- Map showing Chandemau (#570) in Khiron CD block
- Chandemau Location in Uttar Pradesh, India
- Coordinates: 26°17′45″N 81°00′06″E﻿ / ﻿26.295872°N 81.001612°E
- Country: India
- State: Uttar Pradesh
- District: Raebareli

Area
- • Total: 1.719 km^{2} (0.664 sq mi)

Population (2011)
- • Total: 1,135
- • Density: 660.3/km^{2} (1,710/sq mi)

Languages
- • Official: Hindi
- Time zone: UTC+5:30 (IST)
- Vehicle registration: UP-35

= Chandemau =

Chandemau is a village in Khiron block of Rae Bareli district, Uttar Pradesh, India. It is located 18 km from Lalganj, the tehsil headquarters. As of 2011, it has a population of 1,135 people, in 230 households. The village has 1 primary school, but no formal healthcare facilities, weekly haat or permanent market. It belongs to the nyaya panchayat of Bhitargaon.

The 1951 census recorded Chandemau (as "Chande Mau") as comprising 5 hamlets, with a population of 327 people (181 male and 146 female), in 58 households and 68 physical houses. The area of the village was given as 444 acres. 4 residents were literate, all male. The village was listed as belonging to the pargana of Khiron and the thana of Gurbakshganj.

The 1961 census recorded Chandemau as comprising 5 hamlets, with a total population of 385 people (214 male and 171 female), in 76 households and 66 physical houses. The area of the village was given as 444 acres.

The 1981 census recorded Chandemau (as "Chandeymau") as having a population of 640 people, in 132 households, and having an area of 173.60 hectares. The main staple foods were given as wheat and rice.

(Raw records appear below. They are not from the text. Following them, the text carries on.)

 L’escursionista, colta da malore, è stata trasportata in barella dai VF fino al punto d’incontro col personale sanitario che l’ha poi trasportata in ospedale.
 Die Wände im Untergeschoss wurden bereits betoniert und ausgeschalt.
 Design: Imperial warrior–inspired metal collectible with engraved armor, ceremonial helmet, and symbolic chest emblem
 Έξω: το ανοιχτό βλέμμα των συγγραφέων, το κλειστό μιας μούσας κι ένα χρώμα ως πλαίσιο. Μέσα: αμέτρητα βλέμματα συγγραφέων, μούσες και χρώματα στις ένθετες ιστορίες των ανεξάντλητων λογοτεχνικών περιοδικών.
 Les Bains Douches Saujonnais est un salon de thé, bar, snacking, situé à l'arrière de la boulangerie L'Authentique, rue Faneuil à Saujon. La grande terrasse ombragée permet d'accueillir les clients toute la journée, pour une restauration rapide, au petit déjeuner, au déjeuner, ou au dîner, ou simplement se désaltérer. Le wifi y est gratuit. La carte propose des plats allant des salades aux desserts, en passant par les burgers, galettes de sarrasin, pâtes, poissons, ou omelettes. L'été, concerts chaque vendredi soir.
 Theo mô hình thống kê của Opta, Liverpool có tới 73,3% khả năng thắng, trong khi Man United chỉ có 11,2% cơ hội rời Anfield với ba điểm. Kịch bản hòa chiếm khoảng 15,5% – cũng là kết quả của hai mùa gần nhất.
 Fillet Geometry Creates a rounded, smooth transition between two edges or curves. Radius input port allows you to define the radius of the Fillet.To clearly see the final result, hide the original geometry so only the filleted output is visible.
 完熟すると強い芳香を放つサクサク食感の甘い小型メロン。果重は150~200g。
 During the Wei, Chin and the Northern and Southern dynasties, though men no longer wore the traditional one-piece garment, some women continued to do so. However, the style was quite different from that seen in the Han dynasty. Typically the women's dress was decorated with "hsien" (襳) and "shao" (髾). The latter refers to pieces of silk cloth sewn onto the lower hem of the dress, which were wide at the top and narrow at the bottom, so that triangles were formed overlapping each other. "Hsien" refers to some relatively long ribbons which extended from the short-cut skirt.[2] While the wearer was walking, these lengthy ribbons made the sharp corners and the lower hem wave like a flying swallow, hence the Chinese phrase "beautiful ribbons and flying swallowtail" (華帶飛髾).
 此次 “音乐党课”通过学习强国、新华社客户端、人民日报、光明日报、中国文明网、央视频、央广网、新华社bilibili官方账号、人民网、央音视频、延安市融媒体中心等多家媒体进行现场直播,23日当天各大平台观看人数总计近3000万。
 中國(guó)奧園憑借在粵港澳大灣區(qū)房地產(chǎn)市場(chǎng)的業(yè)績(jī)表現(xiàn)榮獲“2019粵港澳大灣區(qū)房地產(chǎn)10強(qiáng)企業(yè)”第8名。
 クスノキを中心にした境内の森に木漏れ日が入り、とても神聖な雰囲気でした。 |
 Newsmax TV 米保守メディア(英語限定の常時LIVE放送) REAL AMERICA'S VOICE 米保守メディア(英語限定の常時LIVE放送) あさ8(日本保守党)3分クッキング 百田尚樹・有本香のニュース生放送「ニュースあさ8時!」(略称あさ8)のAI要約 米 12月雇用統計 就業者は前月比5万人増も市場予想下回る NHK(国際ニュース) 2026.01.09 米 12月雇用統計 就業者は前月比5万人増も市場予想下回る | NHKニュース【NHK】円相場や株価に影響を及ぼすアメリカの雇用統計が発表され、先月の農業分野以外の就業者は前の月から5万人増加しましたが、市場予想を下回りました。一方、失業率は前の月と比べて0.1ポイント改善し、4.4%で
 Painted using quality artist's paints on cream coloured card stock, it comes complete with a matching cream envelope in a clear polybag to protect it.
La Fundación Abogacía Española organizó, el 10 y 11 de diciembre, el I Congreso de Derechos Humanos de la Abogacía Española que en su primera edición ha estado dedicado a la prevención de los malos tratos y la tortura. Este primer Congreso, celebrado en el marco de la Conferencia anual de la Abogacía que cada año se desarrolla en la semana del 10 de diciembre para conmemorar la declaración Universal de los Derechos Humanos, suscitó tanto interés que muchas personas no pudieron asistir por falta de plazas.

The 1991 census recorded Chandemau (as "Chande Mau") as having a total population of 749 people (371 male and 378 female), in 134 households and 134 physical houses. The area of the village was listed as 172 hectares. Members of the 0-6 age group numbered 179, or 24% of the total; this group was 58% male (104) and 42% female (75). Members of scheduled castes made up 31% of the village's population, while no members of scheduled tribes were recorded. The literacy rate of the village was 17% (91 men and 39 women). 324 people were classified as main workers (158 men and 166 women), while 0 people were classified as marginal workers; the remaining 425 residents were non-workers. The breakdown of main workers by employment category was as follows: 260 cultivators (i.e. people who owned or leased their own land); 63 agricultural labourers (i.e. people who worked someone else's land in return for payment); 0 workers in livestock, forestry, fishing, hunting, plantations, orchards, etc.; 0 in mining and quarrying; 0 household industry workers; 0 workers employed in other manufacturing, processing, service, and repair roles; 0 construction workers; 1 employed in trade and commerce; 0 employed in transport, storage, and communications; and 0 in other services.